"We must develop and maintain the capacity to forgive. He who is devoid of the power to forgive is devoid of the power to love. There is some good in the worst of us and some evil in the best of us. When we discover this, we are less prone to hate our enemies."
-Martin Luther King, Jr.
I don't really know how to start this blog. I've been sitting here for the last 20 minutes to try and figure out a good opening. I haven't figured out a good opening though. In our lives we all suffer some kind of heartbreak that leaves us in ruins. If I had the time I could list a fist full of times when the relationships and friendships that I had were completely ruined and I was left heartbroken from the loss of that person in my life. Instead of writing of all of those times, I'll just write about the most recent time to try and make my point.
It was almost a year ago and I had been living with my friends at that time. We were all friends prior to living together and thought living together would be a good idea. However when I had returned back to my apartment, things went really wrong. There was a argument that occurred between two of the three of us that were living together. It was over something completely insignificant, but it got to the point where I was outcasted in my own apartment. I was being talked about behind my back, my best friend at the time was being talked about because of her relationship with me, and I felt like I had lost the family that I had loved and cared about more than my own self. Prior to this argument with my roommates, I had fought with my parents to stay at the university I am attending. I didn't want to leave my friends behind, the friends that I thought were my family and that nothing would ever change. When this happened, I had so much hatred towards them. Every time I saw them I wanted to just yell at them, since the apartment was in my name and my parents were helping me cover the costs, my parents wanted me to kick them out. I went into a depression being so broken by these people. They turned everyone against me, I had no friends except for my best friends and I still felt so alone. But people still thought we were the best of friends and that every thing was good. I couldn't get myself to separate myself from them despite the hurt I felt because of them. To this day, against my better judgement I still care about them, but I'm still a passive aggressive (excuse my language) bitch towards them.

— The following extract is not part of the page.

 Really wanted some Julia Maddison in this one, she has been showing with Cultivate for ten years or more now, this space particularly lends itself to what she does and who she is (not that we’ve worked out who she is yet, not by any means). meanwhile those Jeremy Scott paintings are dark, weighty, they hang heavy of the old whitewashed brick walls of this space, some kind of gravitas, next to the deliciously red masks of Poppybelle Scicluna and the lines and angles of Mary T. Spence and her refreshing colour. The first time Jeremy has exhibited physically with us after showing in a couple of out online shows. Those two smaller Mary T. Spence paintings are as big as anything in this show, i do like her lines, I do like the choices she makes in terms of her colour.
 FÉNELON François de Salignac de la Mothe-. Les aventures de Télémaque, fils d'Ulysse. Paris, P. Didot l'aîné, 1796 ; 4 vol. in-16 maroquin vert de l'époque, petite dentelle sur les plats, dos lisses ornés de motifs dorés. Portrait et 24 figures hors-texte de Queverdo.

I realize that in any argument it takes both sides to cause the problem that is the basis of that argument. I know I did wrong in that situation and I don't deny that. I realize that what they did and how they went about things was their own way of dealing with problems and although I wouldn't have done things the way they did things, I understood and I forgave them for that. I forgave them for the situation that occurred and because we are still tied together because of other organizations, I have learned to have a basic conversation with them without being mad. I just can't forget it. I can't help but have a shorter temper with them. I can't help but remember every emotion that I felt in those 5 months of living together whenever I see their faces.
Forgiving them or anyone who has hurt me, is easy once I can logically process why they did what they did. Forgetting is a different topic. When a situation causes me so much pain and heartbreak that I can't function, forgetting is close to impossible.

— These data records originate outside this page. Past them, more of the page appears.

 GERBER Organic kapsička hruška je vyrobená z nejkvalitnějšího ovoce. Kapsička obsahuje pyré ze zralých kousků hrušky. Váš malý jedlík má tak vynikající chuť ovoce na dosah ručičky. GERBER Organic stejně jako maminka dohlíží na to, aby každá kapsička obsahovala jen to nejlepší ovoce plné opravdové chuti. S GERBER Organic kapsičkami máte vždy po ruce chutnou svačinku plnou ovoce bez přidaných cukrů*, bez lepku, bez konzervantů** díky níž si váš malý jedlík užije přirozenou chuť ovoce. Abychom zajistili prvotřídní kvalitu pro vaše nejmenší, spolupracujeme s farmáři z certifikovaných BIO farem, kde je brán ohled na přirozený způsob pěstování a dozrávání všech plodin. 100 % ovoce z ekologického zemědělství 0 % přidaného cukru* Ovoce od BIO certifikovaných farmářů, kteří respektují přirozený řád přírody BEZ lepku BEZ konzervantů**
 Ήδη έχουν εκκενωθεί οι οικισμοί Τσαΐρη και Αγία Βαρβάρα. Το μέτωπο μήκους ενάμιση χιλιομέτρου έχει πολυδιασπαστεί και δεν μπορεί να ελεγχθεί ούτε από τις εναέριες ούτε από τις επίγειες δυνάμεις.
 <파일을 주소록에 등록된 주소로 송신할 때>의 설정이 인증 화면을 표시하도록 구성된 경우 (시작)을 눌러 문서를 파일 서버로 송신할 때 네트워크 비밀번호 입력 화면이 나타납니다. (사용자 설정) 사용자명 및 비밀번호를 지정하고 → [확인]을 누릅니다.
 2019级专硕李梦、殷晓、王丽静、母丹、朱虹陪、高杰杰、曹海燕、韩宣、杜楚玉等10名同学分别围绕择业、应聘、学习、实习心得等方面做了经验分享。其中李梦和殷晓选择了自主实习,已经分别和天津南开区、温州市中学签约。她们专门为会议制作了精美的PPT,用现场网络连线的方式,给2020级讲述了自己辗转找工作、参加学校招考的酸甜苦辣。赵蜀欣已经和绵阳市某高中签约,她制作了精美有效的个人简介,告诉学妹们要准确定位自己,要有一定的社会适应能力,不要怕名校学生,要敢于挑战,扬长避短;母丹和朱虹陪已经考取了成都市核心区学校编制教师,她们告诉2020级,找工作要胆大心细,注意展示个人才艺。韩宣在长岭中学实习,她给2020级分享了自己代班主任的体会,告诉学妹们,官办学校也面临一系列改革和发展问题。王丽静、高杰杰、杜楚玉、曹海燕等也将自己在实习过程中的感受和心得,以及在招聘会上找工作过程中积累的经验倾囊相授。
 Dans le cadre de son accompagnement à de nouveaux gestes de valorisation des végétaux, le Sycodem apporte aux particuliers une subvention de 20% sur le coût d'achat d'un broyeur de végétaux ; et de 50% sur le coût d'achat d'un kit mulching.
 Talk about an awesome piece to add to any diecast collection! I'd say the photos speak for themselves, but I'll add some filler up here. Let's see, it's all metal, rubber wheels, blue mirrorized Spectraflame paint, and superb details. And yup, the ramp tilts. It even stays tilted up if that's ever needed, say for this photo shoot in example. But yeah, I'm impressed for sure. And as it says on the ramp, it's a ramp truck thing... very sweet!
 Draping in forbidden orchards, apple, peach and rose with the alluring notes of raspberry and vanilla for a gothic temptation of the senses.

A friend of mine talked to me and told me about how he believed his dream was telling him that he should forgive, forget, and let go of his past relationship so he could move on and enter new relationships. In that moment I felt jealous of him. That he was able to do that because of a dream and the meanings behind his dream. I'm glad though that he shared his dream with me. There was an object that had a very significant meaning and when we both looked up the meaning and talked about it, I realized that even though it was 4 almost 5 am when we were talking, maybe I wasn't supposed to fall asleep until after I talked to him. Maybe in his dream that object signified he was supposed to move on, but for me signified that he was a friend and person that is supposed to be in my life to teach me something and show me new things about the world, relationships and forgiveness.